Uses of Metnyle Tablet

Metnyle 1000mg Tablet is used in the treatment of type 2 diabetes.
uses

Side effects of Metnyle Tablet

Common

Nausea, Vomiting, Altered taste, Diarrhoea, Abdominal pain, Loss of appetite.

uses

How to use Metnyle Tablet

Take this medicine in the dose and duration as advised by your doctor. Swallow it as a whole. Do not chew, crush or break it. It is better to take Metnyle 1000mg Tablet with food.

How Metnyle Tablet works

Metnyle 1000mg tablet is an anti-diabetic medication. It lowers the production and absorption of glucose in your body and allows better use of existing insulin.
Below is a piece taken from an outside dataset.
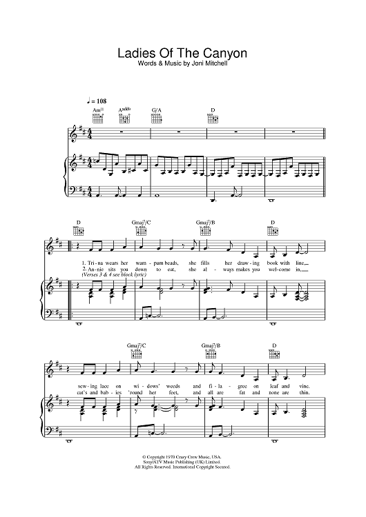 Digital Sheet Music for Ladies Of The Canyon by Joni Mitchell scored for Piano/Vocal/Chords; id:384040

In Depth Information on Metnyle Tablet

Expert advice for Metnyle Tablet

  • Metformin is the medicine of choice to lower blood sugar levels.
  • Chances of weight gain and low blood sugar are lesser as compared to other diabetes medicines.
  • An upset stomach with nausea and diarrhoea may occur in the first two weeks; take it with food to avoid an upset stomach.
  • Hypoglycemia (low blood sugar level) may occur when taken along with other antidiabetic medicines, alcohol or on delaying/skipping a meal. Carry a sugar source with you for immediate relief.
  • Notify your doctor if you have a kidney disease. Your doctor may adjust your dose.
  • Vitamin B12 deficiency and symptoms of anemia like fatigue, pale skin, shortness of breath or headache may occur. Notify your doctor if you experience any of these as you may require supplements.
  • You should continue to exercise regularly, eat a healthy diet, and take your other diabetes medicines along with Metformin.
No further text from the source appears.